On this date in 1568, Leonor de Cisneros was burned as a heretic in Valladolid — nine years late, by her reckoning.

Leonor de Cisneros (English Wikipedia entry | a token Spanish Wikipedia entry | the much more detailed German) and her much older husband Antonio Herrezuelo* were among the first converts to the Lutheran circle in Valladolid funded by Don Carlos de Seso. The Inquisition got its hands on these wrongthinkers in the late 1550s and the result was an auto de fe on October 8, 1559 at which King Philip personally witnessed the Christlike suffering of Don Carlos and 12 of his adherents.

However, while 13 died, dozens of others succumbed to the Inquisition’s pressure to recant, and live. Leonor de Cisneros was one of them.

The monstrous spectacle of the auto de fe featured an elaborate symbolic language encoded for the spectators in the ritual sanbenitos in which the accused were made to parade, such as the example pictured at right.** Different patterns denoted which heretics were bound for the stake, and which had reconciled to a wary Church … and it is said that when Antonio, en route to his pyre draped in illustrations of hellfire to represent his fatal obduracy, beheld his wife in the colors of a penitent, he savagely reproached her cowardice.
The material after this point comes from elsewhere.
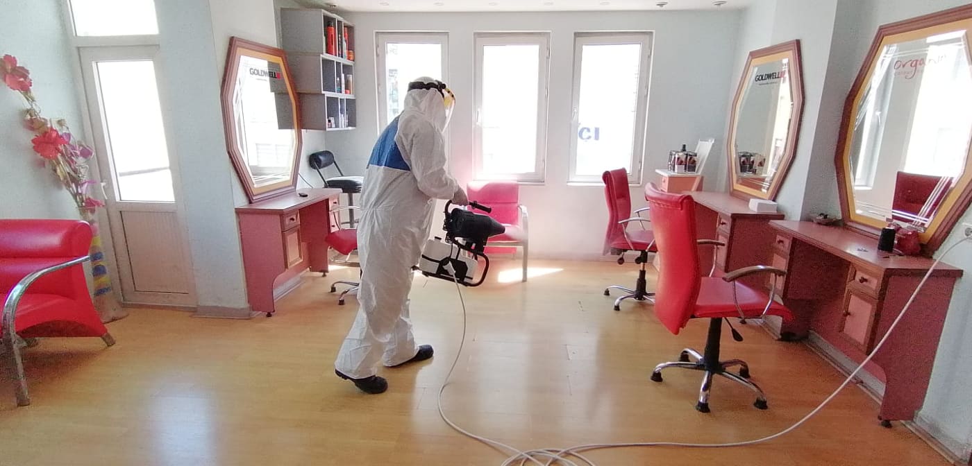 İKİ GÜNDE 420 BERBER-KUAFÖR VE  GÜZELLİK SALONU DEZENFEKTE EDİLDİ...

Obviously shaken, Leonor returned to her prison with a prayer in her soul and a flea in her ear. Soon enough she had relapsed into her heresy, and this time no punishment or exhortation could move her — knowing as she well did that in her stubbornness she solicited her martyrdom.

* Leonor was born in the mid-1530s, so would have married and converted to Protestantism around the age of 18. Antonio was born about 1513.

** Source: this public-domain volume on the notorious Inquisitor Torquemada.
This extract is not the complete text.